How to Avoid Bonking

tired triathlete

Bonking is properly defined as "a knocking or hitting something," like bumping your head against a low hanging light fixture. It's annoying to bonk your head, but it isn't a catastrophe. In the athletic community, however, we know bonking to have a much more severe outcome. It is when your physical activity comes to an abrupt and painful stop due to extreme fatigue and the inability to continue the activity at the same pace, if at all. Most competitive athletes have experienced this phenomenon at one point or another in their athletic career. Typically, it happens when they're newer to the sport and quickly learn to take measures to avoid it in the future. 

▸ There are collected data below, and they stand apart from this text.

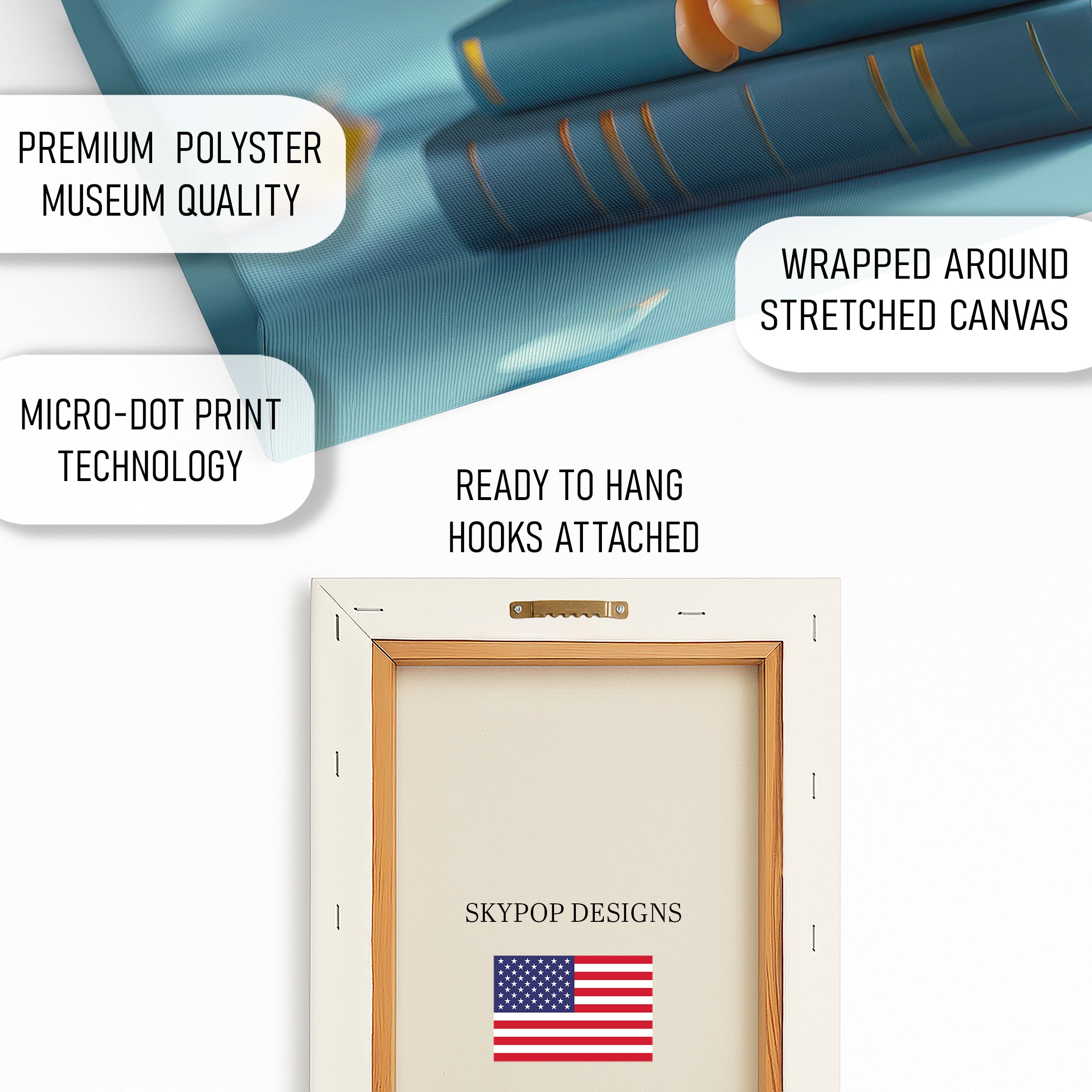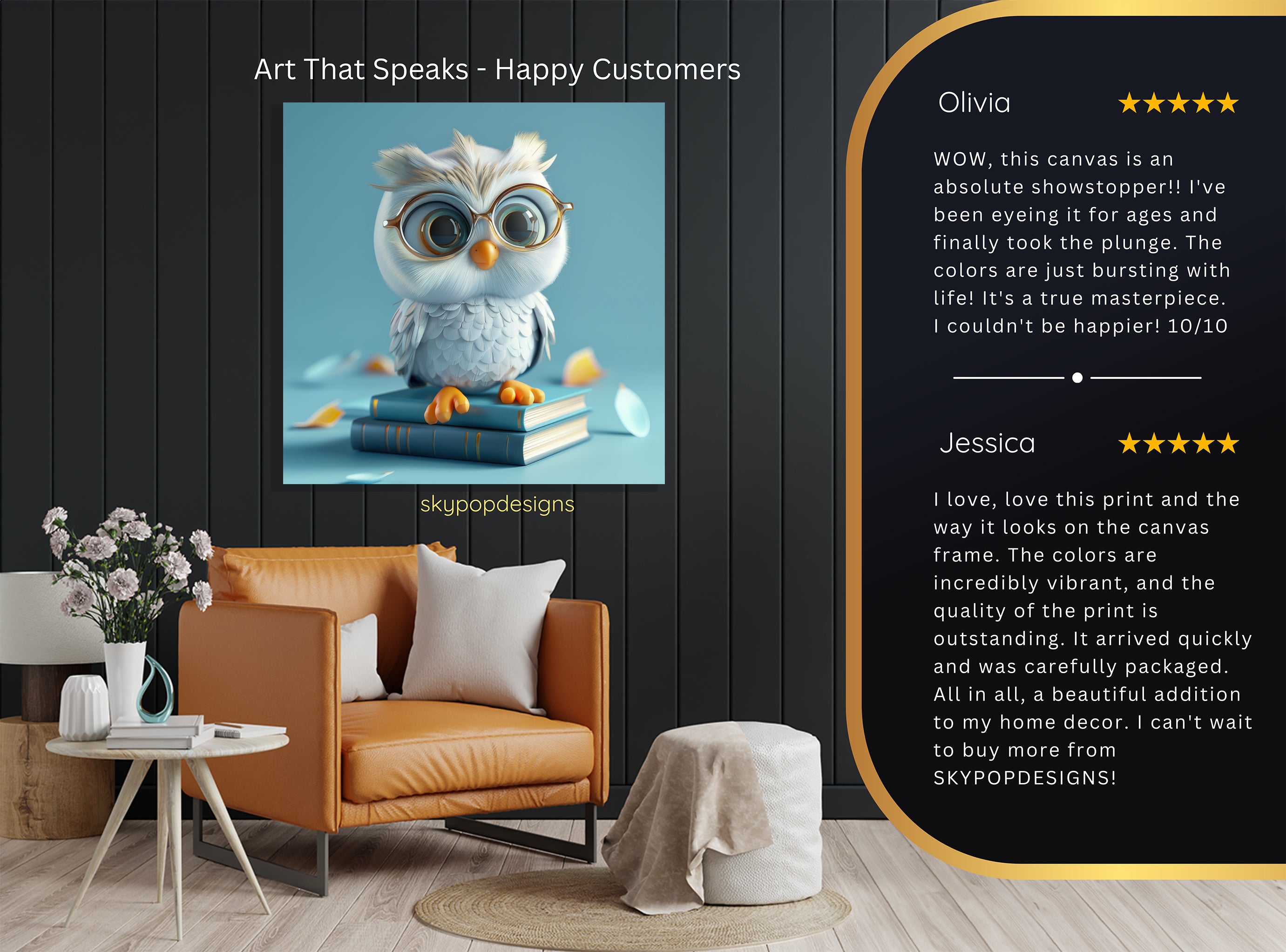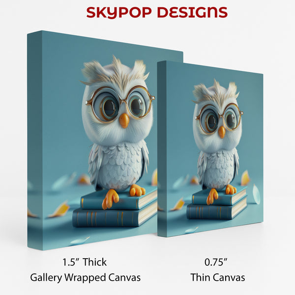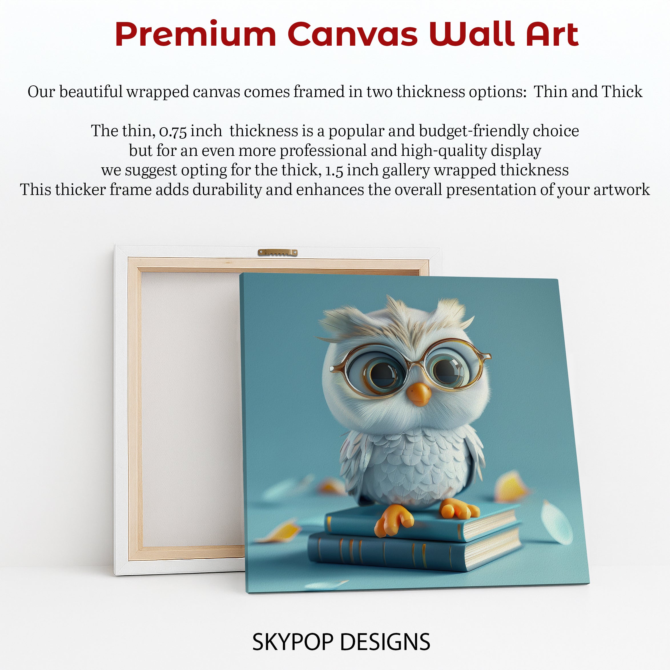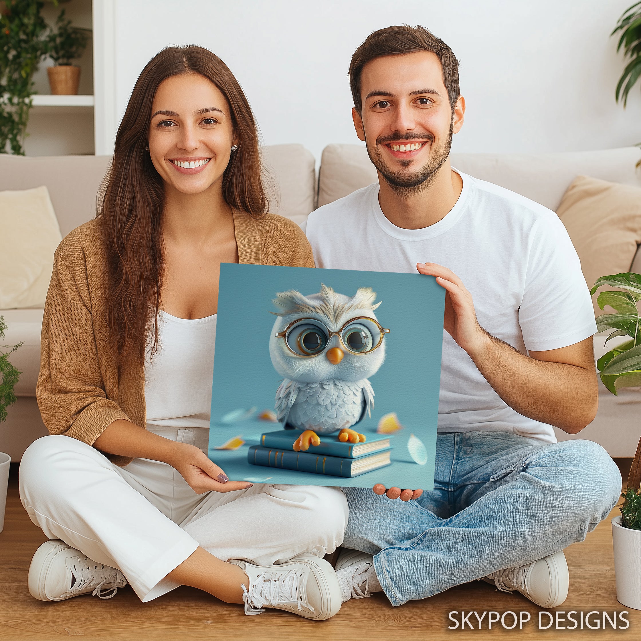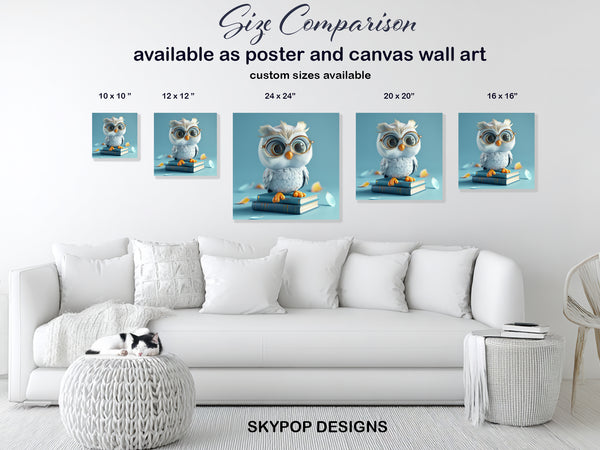 Transform your space with this adorable owl canvas wall art, perfect for sparking imagination and joy. This charming owl poster features a cute, wise owl perched on a stack of blue books, creating a whimsical and engaging piece of wall decor. The soft blue and white color palette, accented with pops of yellow from fallen leaves, evokes a sense of calm and intellectual curiosity. This canvas wall art is ideal for a child's room, a cozy reading nook, or a stimulating office space. The playful, stylized design makes it a standout addition to any modern or Scandinavian decor. Whether you're looking for a unique wall art print to celebrate the love of reading or a delightful gift for a student's birthday, this owl artwork delivers charm and personality. The high-quality print captures the detail of the owl's fluffy feathers and big, curious eyes, making it a captivating focal point. Enhance your home with this delightful poster that brings a touch of nature and whimsy to your interior design. Available in various sizes, this owl wall art is printed on premium canvas for lasting beauty. Elevate your decor with this inspirational piece that celebrates learning and the wonder of childhood. Make your walls talk with this sweet owl art, a perfect blend of cute animal art and sophisticated interior styling. Bring a smile to your face and add this enchanting owl canvas today.
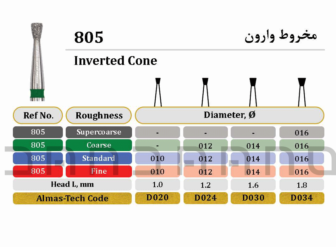 فرز مخروطی- اینورتد (Inverted Cone) ۸۰۵ کاربرد این فرز برای برداشتن سریع پوسیدگیهای عمیق، گسترش سریع حفره، آمادهسازی تاج دندان برای روکش، ایجاد برش در محل اتصال کف پالپ و دیوارههای جانبی میباشد.
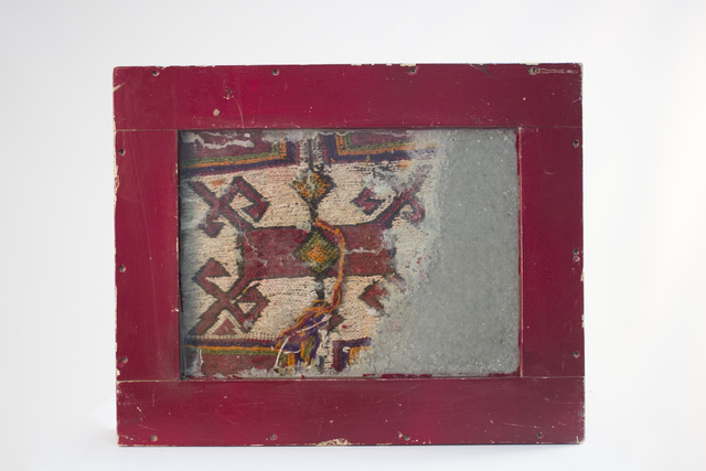 Bonad, painting on tapestry. Imagine two men, a candy and a cupboard.
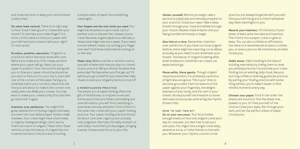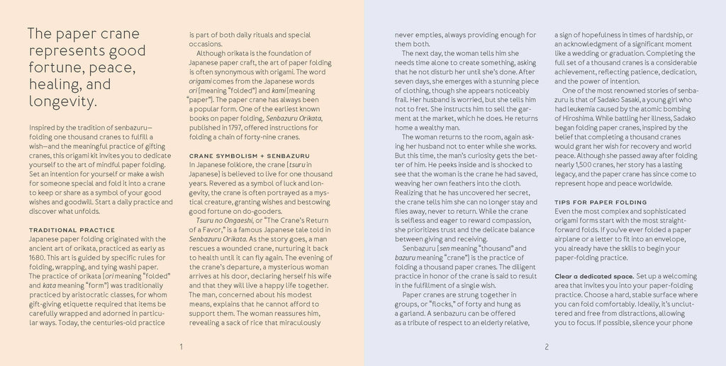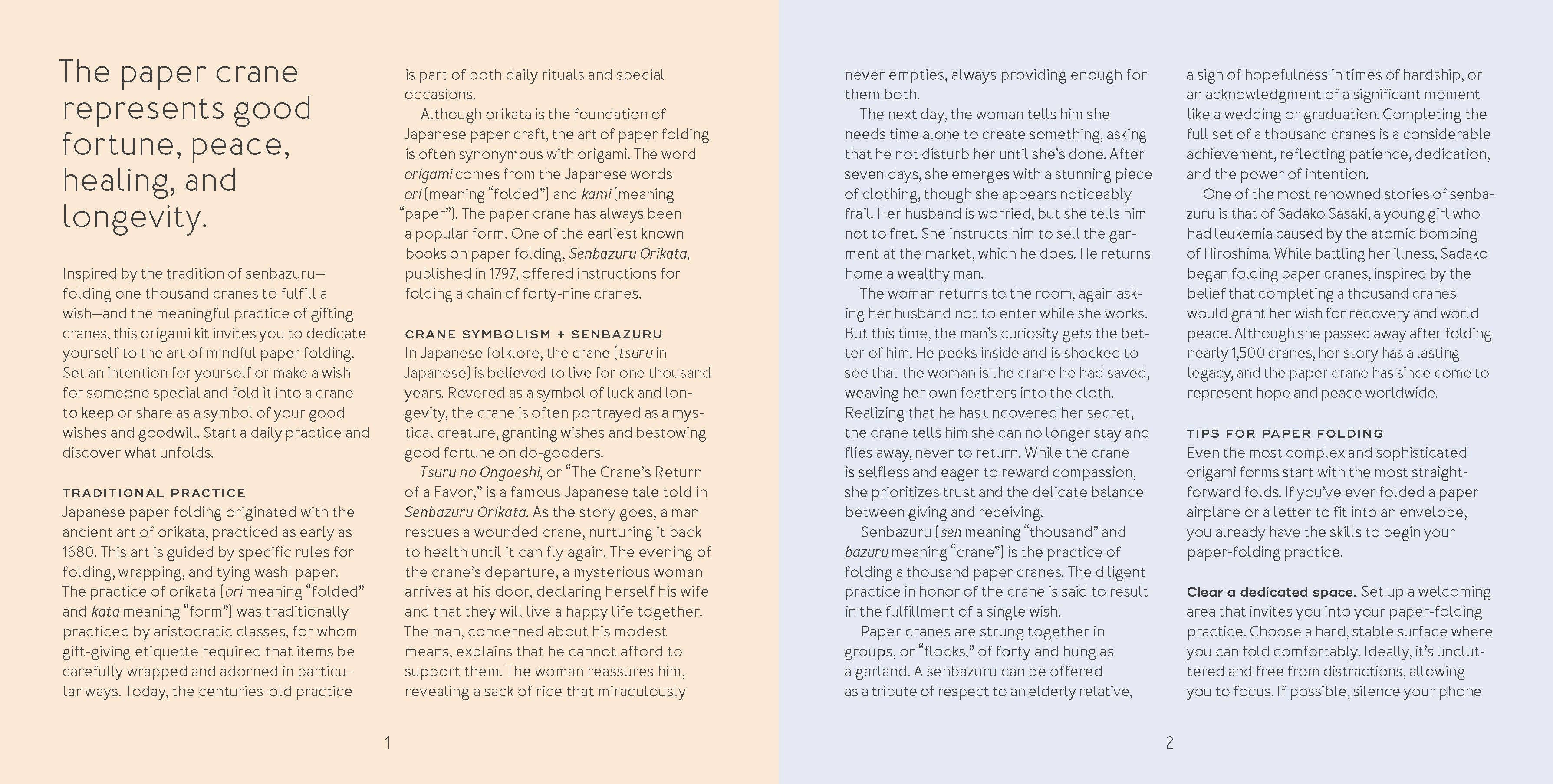 Paper cranes are a symbol of longevity, peace, hope, healing, and good fortune, and gifting them is a gesture of goodwill. Inspired by the tradition of 1,000 paper cranes, this beautiful origami set helps you create a ritual of folding a paper crane every day. Packaged like a traditional book with a tear-away notepad of origami paper and a removable booklet that includes folding instructions and information on the significance of paper cranes, this stunning object celebrates mindfulness, intention setting, and gift-giving.
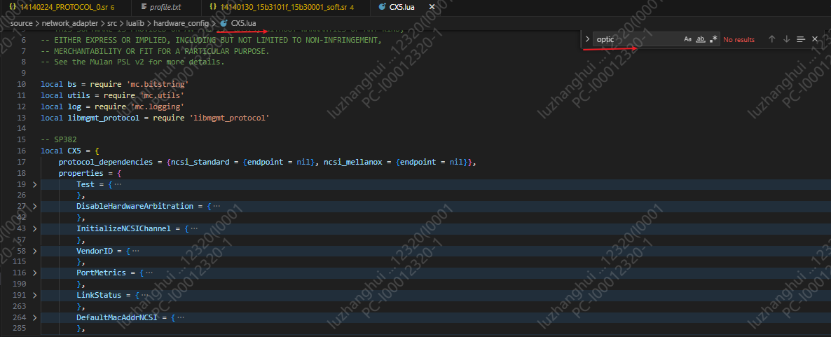 这就导致MCX631102AN-ADAT并没有光模块对应的协议配置,从而无法获取到光模块信息和温度。
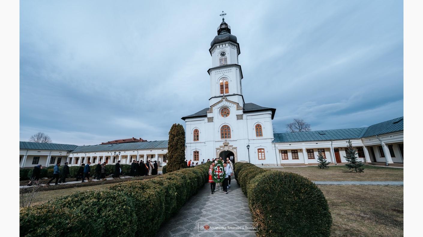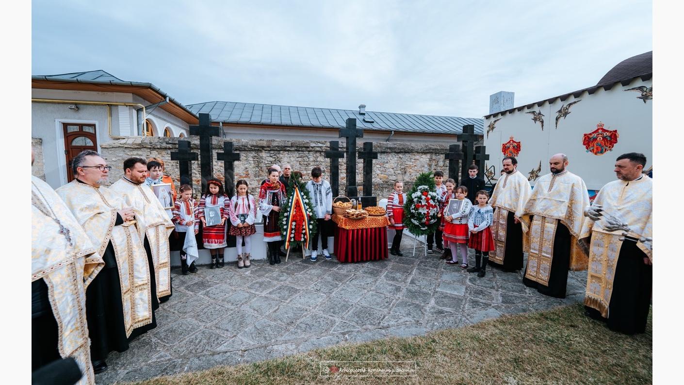 După dumnezeiasca Liturghie a fost săvârșită rânduiala Parastasului, sub protia Înaltpreasfințitului Părinte Arhiepiscop Ioachim, Arhiepiscopul Romanului și Bacăului. La finalul slujbei preotul Daniel Dinga a dat citire cuvântului realizat de pr. dr. Florin Țuscanu, fost slujitor al acestei parohii:
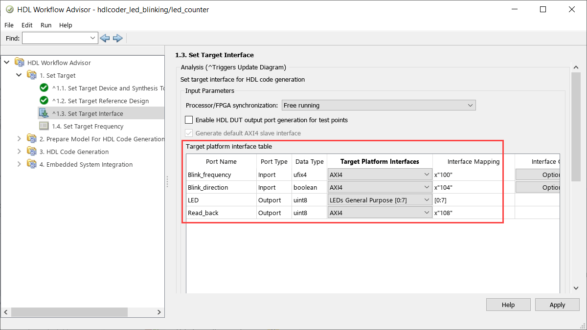 6. In step 1.3, set the interface of the Blink_frequency, Blink_direction, and Read_back ports to AXI4. Set the interface of the LED port to LEDs General Purpose [0:7].
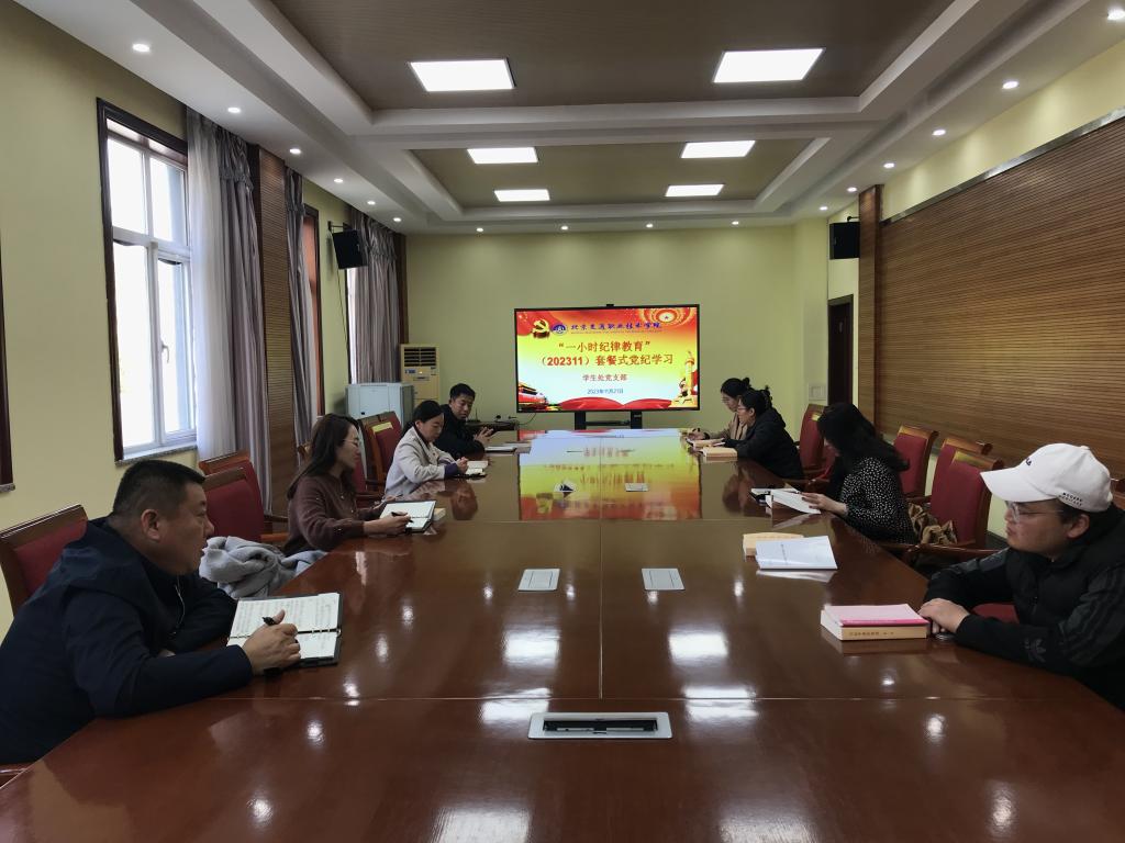 为深入学习贯彻习近平新时代中国特色社会主义思想,着力培育和践行社会主义核心价值观,深入推进社会主义精神文明建设,更好用中国精神激发中国力量。同时教育引导党员干部加强作风建设,严明纪律规矩,坚持廉洁底线,按照学生处党支部既定学习计划,2023年11月21日上午,学生处党支部在办公楼一层会议室召开习近平新时代中国特色社会主义思想专题学习会暨“一小时纪律教育”党纪学习会,支部全体党员参会。
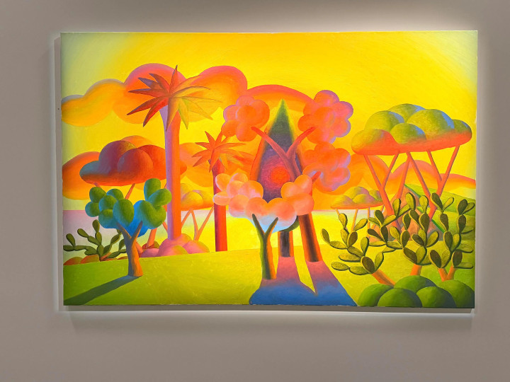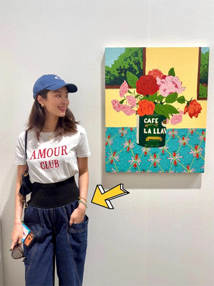 杨采钰本东谈主很有艺术气味,她也在学习画画,她站在这幅画傍边拍照很好意思。杨采钰穿了件大略的白色T恤,戴着蓝色棒球帽,这身穿搭很芳华有活力。杨采钰手腕上叠戴了黄金手串和玉手串,黄金与翡翠叠戴贵气王人备。
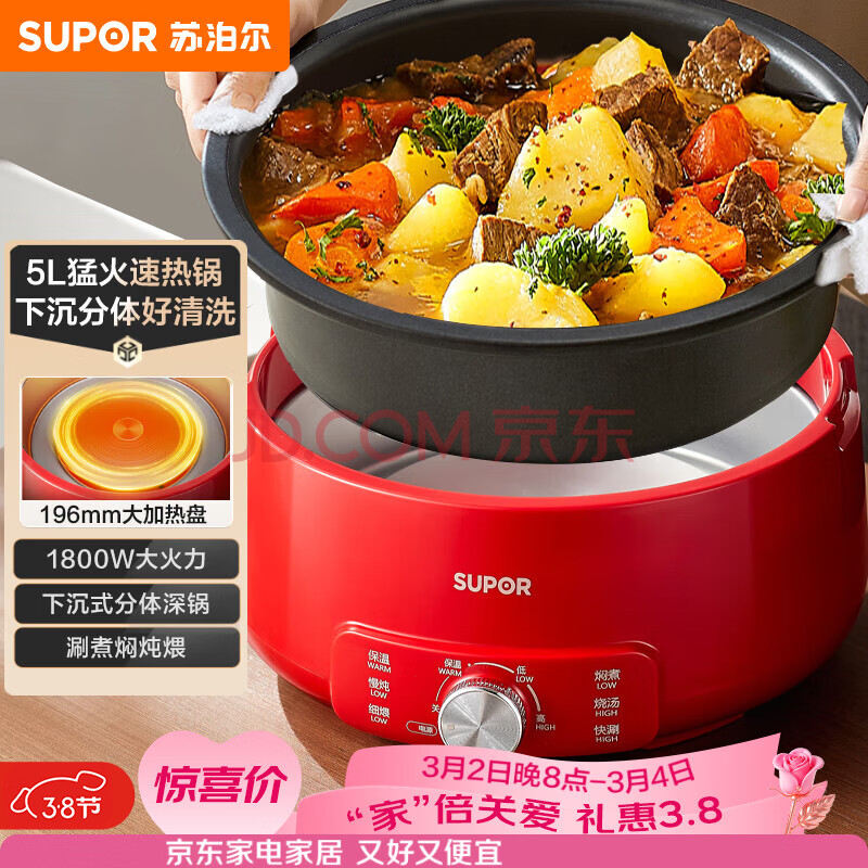 苏泊尔(SUPOR)电火锅 分体式电煮锅 火锅专用锅 家用多功能电热锅 5L多用途涮肉锅 H50YK787

Put simply, bonking occurs when an athlete has completely depleted energy stores. During physical exertion, your body uses up glycogen stores for energy and inadequate (if any) exogenous glucose has been consumed to continue making ATP. A body stores roughly 2,000 calories of energy in the form of glucose.

Most athletes burn roughly 100 calories a mile, which is why many marathoners bonk around mile 20. Of course, athletes of all athletic disciplines are susceptible to bonking, but disaster is more likely to strike when the performance is longer than 90 minutes in duration. This puts many triathletes at an increased risk of experiencing a bonk. Unfortunately, once a bonk starts to take pace, it is almost impossible to pull out of it and save the performance. Luckily, why we bonk is pretty understood, and there are simple ways to prevent a failed workout or race because of it. 

Keep Your Tank Full

It's true that your body stores energy, but if you are restricting intake, training daily or live a very active lifestyle, you can't expect your stores to always be full. Most athletes at risk of bonking during a performance need to consume roughly five grams of carbohydrate per kilogram of body weight per day. Track your intake for a few days to see if you are consuming enough energy each day to go into sessions with enough fuel in the tank. 

Fuel Your Performance

Your body only holds so much energy, and completely depleting that energy shouldn't be the goal of the performance. To ensure your body has enough to run on, you'll need to take in outside energy in the form of carbohydrate. Most activities lasting over 90 minutes require exogenous forms to avoid energy levels dipping dangerously low. Aim to take in gels, sport drinks, bars, dried fruit or other sources of carbohydrate at a rate of 45 to 90 grams an hour. Having a small, easy-to-digest carbohydrate snack prior to training is another way to maximize how much energy the body has to work with. 

Go the Distance

Long runs are taxing, and endurance rides take all day; but if you want to prep your body to race these distances efficiently, you need to practice going the distance. This allows your body to become more efficient at the motion associated with your activity and use less energy to do the same motion over time. In addition to going long, triathletes have the added task of training all disciplines appropriately and often. The more you do brick and combination workouts, the more your body can efficiently utilize fuel going from one physical motion to the next. Athletes who avoid endurance and/or combination workouts will make their bodies work harder come race day, which leads to burning through energy at a more rapid pace.

Race Like You Train

Athletes who train at one pace only to reach far beyond that intensity during the race are more at risk of bonking. This happens because your energy is depleted at a faster rate when the intensity increases. Attempting to perform at a rate beyond your trained capacity will require additional sources of carbohydrate. Athletes who go out hard from the gun and ignore the wisdom of an even-paced or negative-split race are more susceptible to falling flat well before the finish line. 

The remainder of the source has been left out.